Strip out the pictures and transcribe the records that follow exactly.

-- Opening Marker --

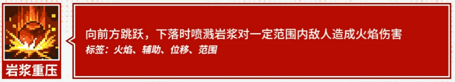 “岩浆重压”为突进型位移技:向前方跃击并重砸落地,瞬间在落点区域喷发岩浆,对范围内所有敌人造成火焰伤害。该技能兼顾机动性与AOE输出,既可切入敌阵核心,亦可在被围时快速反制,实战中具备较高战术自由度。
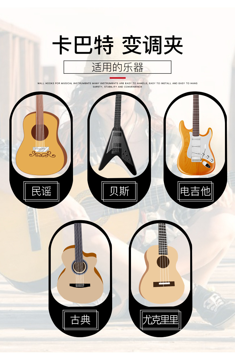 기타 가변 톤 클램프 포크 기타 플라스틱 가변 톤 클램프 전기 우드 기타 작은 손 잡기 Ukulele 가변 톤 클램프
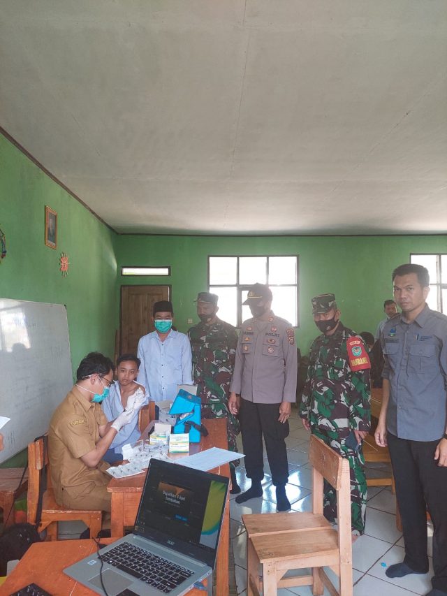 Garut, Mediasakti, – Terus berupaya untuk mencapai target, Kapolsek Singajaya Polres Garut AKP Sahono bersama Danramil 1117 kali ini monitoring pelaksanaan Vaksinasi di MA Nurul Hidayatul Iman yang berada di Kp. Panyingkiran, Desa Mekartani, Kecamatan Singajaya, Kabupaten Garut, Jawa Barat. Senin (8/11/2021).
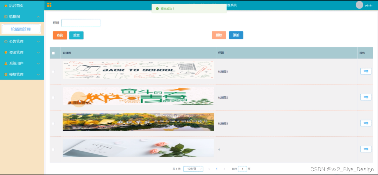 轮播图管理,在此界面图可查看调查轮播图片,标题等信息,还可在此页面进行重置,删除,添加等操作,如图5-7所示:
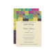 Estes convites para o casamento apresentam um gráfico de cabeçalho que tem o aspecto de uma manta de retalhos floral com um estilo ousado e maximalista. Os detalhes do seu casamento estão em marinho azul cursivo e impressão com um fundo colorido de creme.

-- Closing Marker --

◆ ANSWER TO THE EXERCISE:
 “岩浆重压”为突进型位移技:向前方跃击并重砸落地,瞬间在落点区域喷发岩浆,对范围内所有敌人造成火焰伤害。该技能兼顾机动性与AOE输出,既可切入敌阵核心,亦可在被围时快速反制,实战中具备较高战术自由度。
 기타 가변 톤 클램프 포크 기타 플라스틱 가변 톤 클램프 전기 우드 기타 작은 손 잡기 Ukulele 가변 톤 클램프
 Garut, Mediasakti, – Terus berupaya untuk mencapai target, Kapolsek Singajaya Polres Garut AKP Sahono bersama Danramil 1117 kali ini monitoring pelaksanaan Vaksinasi di MA Nurul Hidayatul Iman yang berada di Kp. Panyingkiran, Desa Mekartani, Kecamatan Singajaya, Kabupaten Garut, Jawa Barat. Senin (8/11/2021).
 轮播图管理,在此界面图可查看调查轮播图片,标题等信息,还可在此页面进行重置,删除,添加等操作,如图5-7所示:
 Estes convites para o casamento apresentam um gráfico de cabeçalho que tem o aspecto de uma manta de retalhos floral com um estilo ousado e maximalista. Os detalhes do seu casamento estão em marinho azul cursivo e impressão com um fundo colorido de creme.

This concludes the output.